Efficient operations and management. Distribution centers and other aspects of our distribution network are difficult to operate efficiently, and we have experienced and could continue to experience a reduction in operating efficiency resulting in delayed shipments of merchandise to our stores as a result of high turnover and challenges in attracting and retaining an adequate and reliable workforce. Although we have offered sign-on bonuses, enhanced wages and other inducements in certain markets to address the shortage of labor at our distribution centers, such measures have increased our costs and are expected to continue to increase our costs, which could have an adverse effect on our margins and profitability. There can be no assurances that such measures will be adequate to attract and retain the workforce necessary for the efficient operation of our distribution centers.
Trucking costs. We have experienced significant increases in trucking costs due to the truck driver shortage and other factors, and our trucking costs are expected to increase in the future.
Diesel fuel costs. We have experienced volatility in diesel fuel costs and are expecting increases to continue this fiscal year.
Vulnerability to natural or man-made disasters, including climate change. A fire, explosion or natural disaster at a port or any of our distribution facilities could result in a loss of merchandise and impair our ability to adequately stock our stores. Some facilities are vulnerable to earthquakes, hurricanes, tornadoes or floods, and an increase in the severity and frequency of extreme weather events may increase our operating costs or disrupt our supply chain.
Labor disagreement. Labor disagreements, disruptions or strikes, for example at ports, may result in delays in the delivery of merchandise to our distribution centers or stores and increase costs.

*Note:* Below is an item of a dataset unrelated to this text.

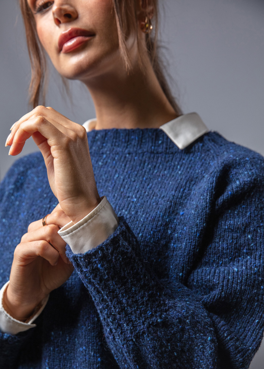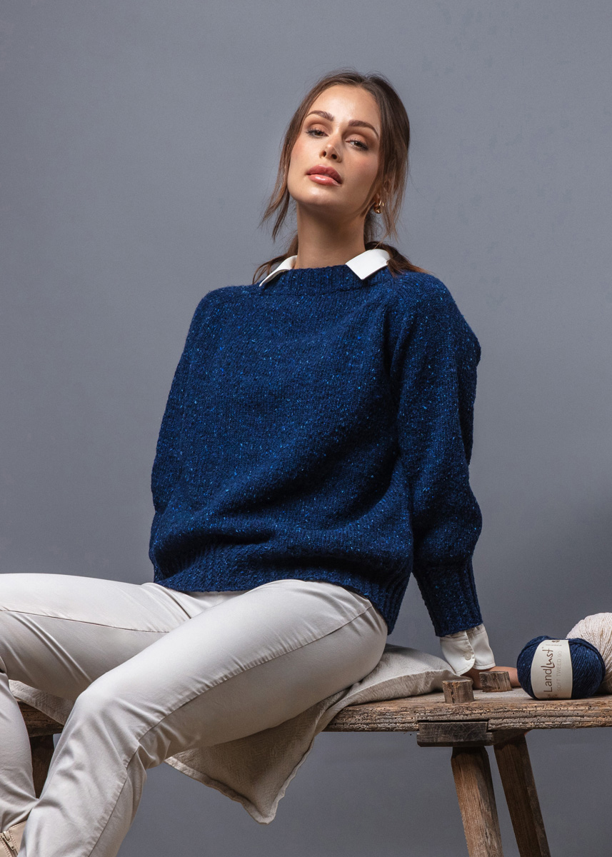 Der Pullover wird nahtlos in einem Stück von oben nach unten gestrickt und hat eine Gesamtlänge von 58 (60 - 61 - 62 - 63 - 64) cm und eine Brustmehrweite von 13 cm bei 80 (88 - 96 - 104 - 116 - 128) cm Brustumfang.

Direct-to-store deliveries. In fiscal 2020, we purchased and delivered approximately 13% of our merchandise for our Family Dollar segment through our relationship with McLane Company, Inc., which distributes consumable merchandise from multiple manufacturers. We also rely on third parties to deliver frozen and refrigerated product, as well as chocolate in the summer, to our Dollar Tree stores. To the extent that supply chain disruptions and higher costs affect McLane Company, Inc. or our other suppliers, we may be subject to delays or reductions in deliveries and higher costs for merchandise. A substantial disruption in our relationship with or in service levels from McLane Company, Inc. or other suppliers could have a significant near-term impact on our operations.
We may not be successful in implementing important strategic initiatives, which may have an adverse impact on our business and financial results, or in anticipating the impact of these initiatives.

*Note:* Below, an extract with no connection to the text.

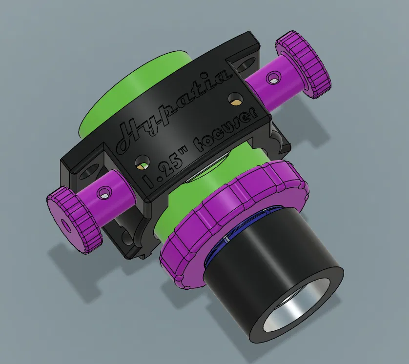 Hypatia là focuser kiểu Crayford cho hệ Hadley, dùng rollers và pinion cho thao tác lấy nét mượt, nhanh và chính xác. Drawtube in 3D có endstops, hỗ trợ collet giữ eyepiece chắc và dễ thay, thiết kế tối ưu để in không cần supports.

We have adopted important strategic initiatives that are designed to create growth, improve our results of operations and drive long-term shareholder value, including:
the addition of price points above $1 (such as $1.25) in all Dollar Tree stores;
the expansion of a multi-price initiative in Dollar Tree stores referred to as Dollar Tree Plus;
the introduction of selected Dollar Tree merchandise into Family Dollar stores;
the roll-out of the Combo Store format that combines a Dollar Tree store and Family Dollar store in a single location;
the renovation of Family Dollar stores to the H2 format;
our plans relating to new store openings for Dollar Tree and Family Dollar generally; and
the continued integration of the operations of Family Dollar with Dollar Tree.

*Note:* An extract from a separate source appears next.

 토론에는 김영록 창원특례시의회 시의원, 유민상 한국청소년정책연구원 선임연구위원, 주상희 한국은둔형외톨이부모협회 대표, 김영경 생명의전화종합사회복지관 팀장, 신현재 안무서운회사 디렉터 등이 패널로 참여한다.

The implementation and timing of these strategic initiatives are subject to various risks and uncertainties, including the acceptance of the amount of price increases by customers and others as justified or reasonable; customer acceptance of new store concepts and merchandise offerings; construction and permitting delays relating to new and renovated stores; the success of our integration strategies; the availability of desirable real estate locations for lease at reasonable rates; the impact of the COVID-19 pandemic; and other factors beyond our control. In addition, several of these initiatives depend on the timeliness, cost and availability of adequate levels of the appropriate domestic and imported merchandise, our ability to execute on our plans and expectations with respect to those initiatives and the continued success of our integration of Family Dollar merchandising, supply chain and operations with those of Dollar Tree. To the extent that shipping delays, supply chain disruptions and other distribution logistics adversely affect the availability of merchandise necessary to implement our strategic initiatives, we may delay or reduce our planned rate of implementation of one or more of those initiatives.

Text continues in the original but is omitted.